В мае 1904 года Кон прощался с товарищами по ссылке. Навестил Мельникова. Сергей Иванович слег и уже не надеялся вернуться из Сибири живым. Алексея Орочко дома не застал — тот уехал на подтаежную заимку. Аркадий Тырков, конечно, был дома, как и всегда по вечерам, и много говорил все об одном и том же — отец хлопочет о переводе его в свое имение Вергеж. Там теперь живет его сестра Ариадна Владимировна Вергежская, подруга Надежды Константиновны Крупской. Но Аркадия в те места тянет по другой причине: отец поставил образцовое молочное хозяйство, что очень уж глубоко восхищает супругу Аркадия, славную Елену Павловну.
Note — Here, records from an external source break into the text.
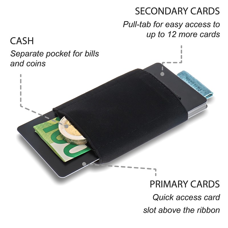 - Space for each card: For all other cards, use the main compartment of the wallet. The pull tab allows you to easily get to the required card even with many cards.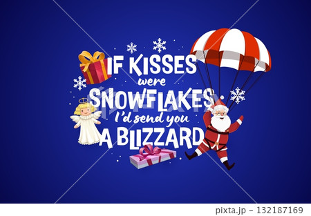Christmas quote if kisses were snowflakes i would send you a blizzard. Vector holiday greeting card with Santa Claus, angel toy, gift boxes and snowflakes. Funny cartoon Santa flying on parachute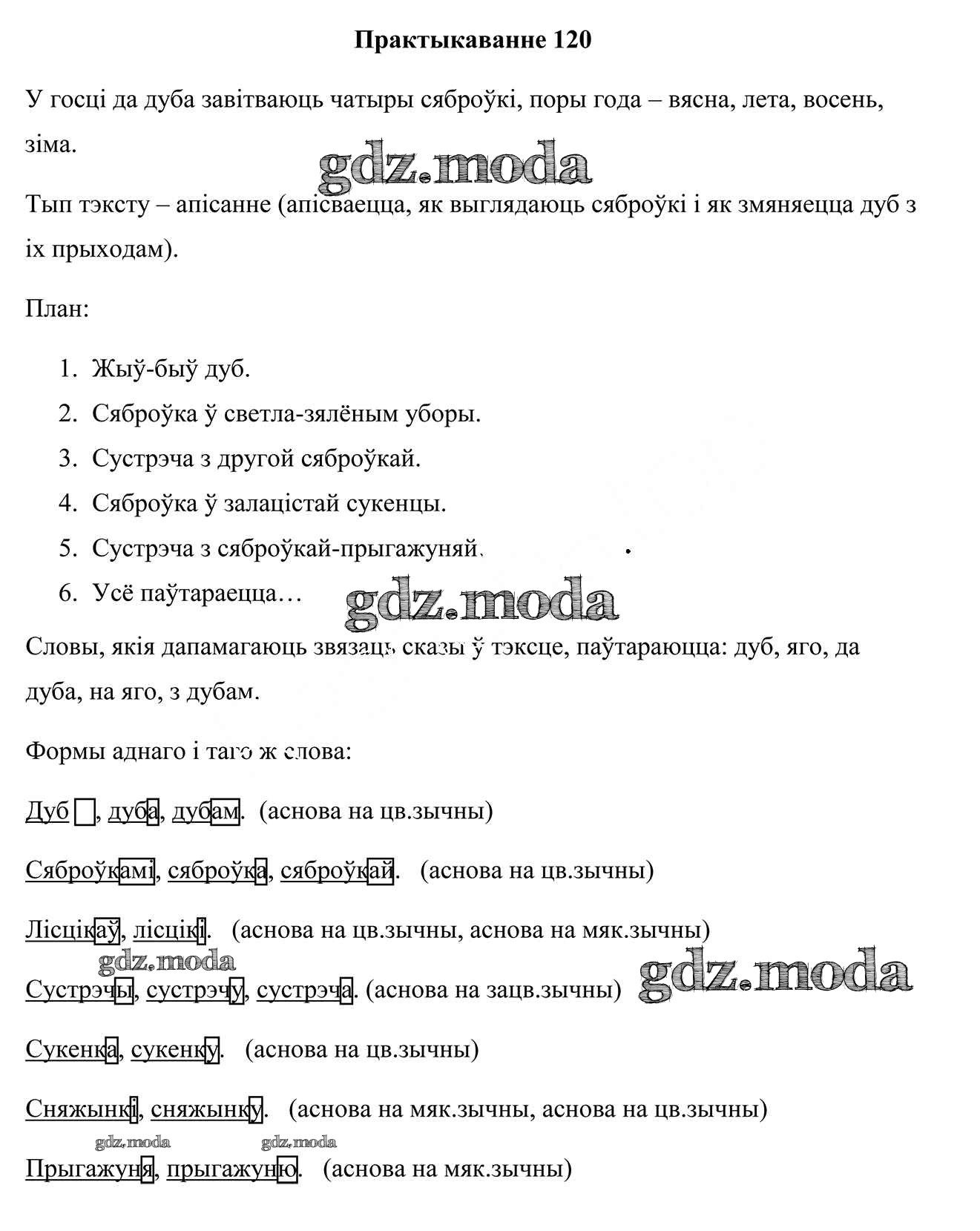 ГДЗ решение к заданию № 120 Белорусский язык 4 класс Свірыдзенка В. І. Национальный институт образования 2018 Часть 1, Часть 2 ФГОС бесплатно на гдз.мода!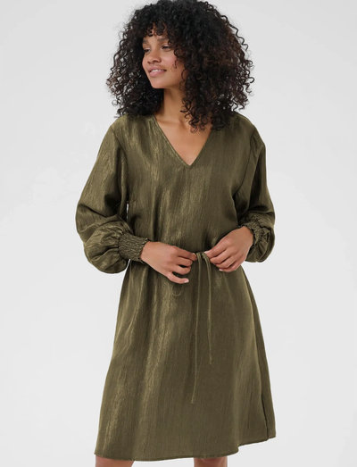 Denna korta klänning är tillverkad med en subtil glans och har långa ärmar med elastiska muddar. Ett knytband i midjan framhäver silhuetten. V-ringningen ger en elegant touch, vilket gör den lämplig för olika tillfällen.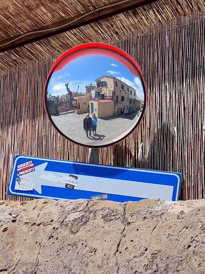 Selfie-Modus im Spiegel an der Straßenkreuzung

Днем, к сожалению, Аркадий занят частными уроками, а иначе непременно прибежал бы на пристань. Пожалуй, приехал бы и Николай Михайлович. Но Мартьянов на лечении в Крыму. Болен тяжело и, приходится полагать, безнадежно. Какая судьба ожидает музей, если, упаси бог, Николая Михайловича не станет?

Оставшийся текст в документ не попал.